Top 29 Decencies Quotes
#1. It has been well said that tea is suggestive of a thousand wants, from which spring the decencies and luxuries of civilization.
Agnes Repplier
#2. A sense of the fundamental decencies is parceled out unequally at birth.
F Scott Fitzgerald
#3. Politics are not my concern ... They impressed me as a dog's life without a dog's decencies.
Rudyard Kipling
#4. Paris, true to its promise, had been a place of civilized indecencies, or uncivil decencies ...
Ana Castillo
#5. I value peace when it is not bought at the price of fundamental decencies.
Elia Kazan
#6. In a very real sense, we are shipwrecked passengers on a doomed planet. Yet, even in a shipwreck, human decencies and human values do not necessarily vanish, and we must make the most of them. We shall go down, but let it be in a manner to which we may look forward as worthy of our dignity.
Norbert Wiener
#7. Virtue she finds too painful an endeavour, content to dwell in decencies for ever.
Alexander Pope
#8. The worst enemy of life, freedom and the common decencies is total anarchy; their second worst enemy is total efficiency.
Aldous Huxley
#9. To be born, or at any rate bred, in a hand-bag, whether it had handles or not, seems to me to display a contempt for the ordinary decencies of family life that reminds one of the worst excesses of the French Revolution.
Oscar Wilde
#10. Those graceful acts, those thousand decencies, that daily flow from all her words and actions, mixed with love and sweet compliance, which declare unfeigned union of mind, or in us both one soul.
John Milton
#11. But I do not do these things because we are family. I do them because they are common decencies. That is an idiom that the hero taught me. I do them because I am not a big fucking asshole. That is another idiom that the hero taught me.
Jonathan Safran Foer
#12. I am shocked at the attitude of our American troops. They have no respect for death, the courage of an enemy soldier, or many of the ordinary decencies of life.
Charles Lindbergh
#13. If you must commit suicide ... always contrive to do it as decorously as possible; the decencies, whether of life or of death, should never be lost sight of.
George Henry Borrow
#14. I am still a little afraid of missing something if I forget that, as my father snobbishly suggested, and I snobbishly repeat, a sense of the fundamental decencies is parcelled out unequally at birth.
F Scott Fitzgerald
#15. One who preserves all the exterior decencies of ignorance.
Samuel Foote
#16. Humphrey finds everybody charming I never can get him to abuse Casaubon. He will even speak well of the bishop, though I tell him it is unnatural in a beneficed clergyman; what can one do with a husband who attends so little to the decencies? I hide it as well as I can by abusing everybody myself.
George Eliot
#17. One who binds risks getting bound in return. I will not walk that path.
Steven Erikson
#18. If I could explain it to the average person, I wouldn't have been worth the Nobel Prize.
Richard P. Feynman
#19. a body, until the whole of Miss Baxter
Laura Wood
#20. This a work of f(r)iction, where fact and fiction rub up against each other, and nobody wants to know it regardless.
Bob N. Boguslavski
#21. Let me say this as clearly as I can: No matter how sharp a grievance or how deep a hurt, there is no justification for killing innocents.
William J. Clinton
#22. God is not opposed to pride because it is something only He can possess; God is opposed to pride because pride is unlike Him.
John Alan Turner
#23. Every day when I wake up, I remind myself that the present is possibility, and the past is a lesson.
Kim Holden
#25. Sometimes when you innovate, you make mistakes.
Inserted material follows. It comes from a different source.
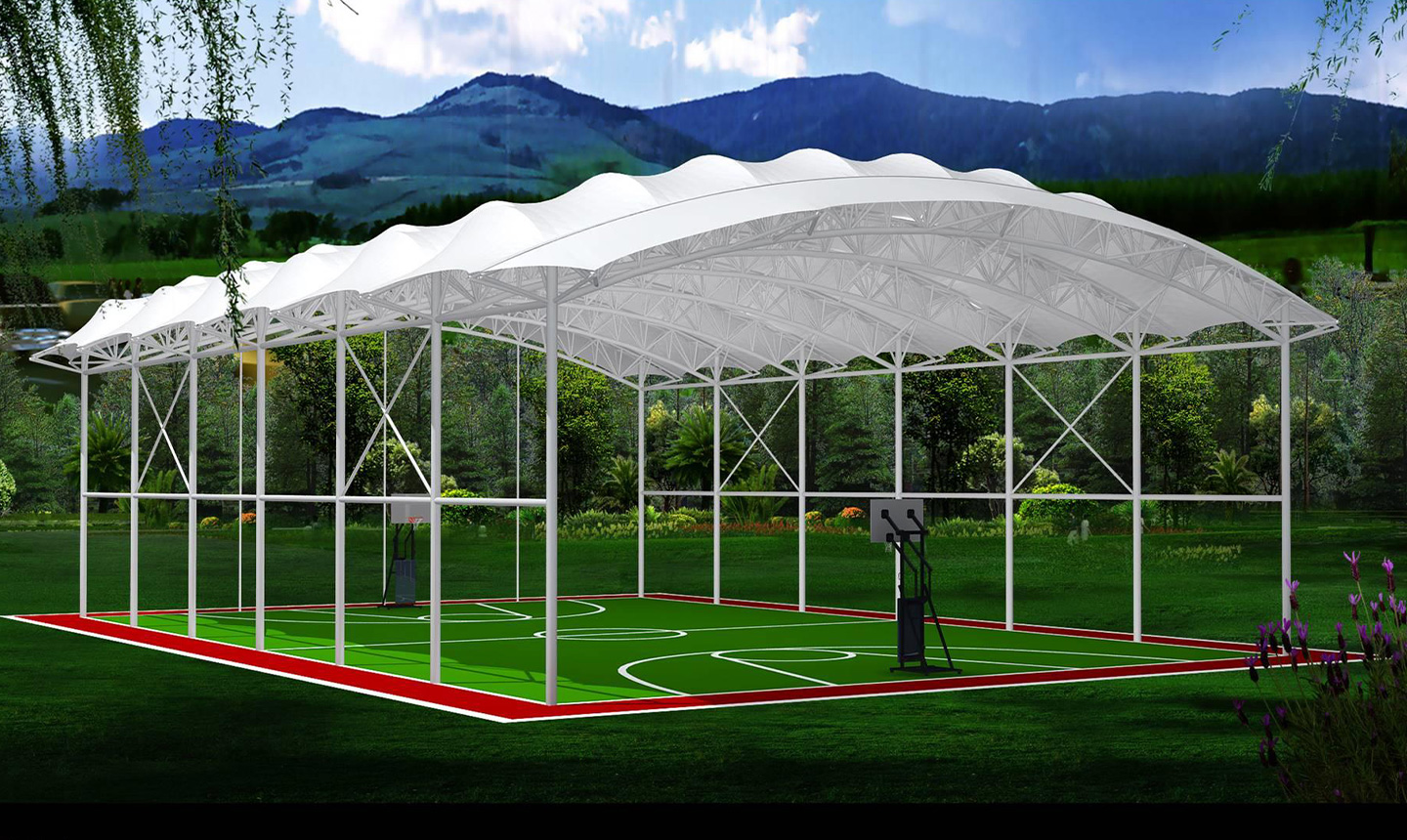 一、對于場地要求低,基本上所有球場地都可以做膜結構頂棚,相比混凝土結構的風雨球館,施工周期短,造價低。

It is best to admit them quickly, and get on with improving your other innovations.
Steve Jobs
#26. Fuck with the bull, you get the horns.
Garth Ennis
#27. Oh heavy change. The world deteriorates like a rotting apple, worms and a skin.
Robinson Jeffers
#28. No longer in print ... There are sentences, and phrases that, in all their simplicity, say much more than they seem to at first: two months to live, never heard of it, dead on arrival ... For a writer, no longer in print must fall somewhere in that category.
Herman Koch
#29. Televison allows thousands of people to laugh at the same joke and still remain alone.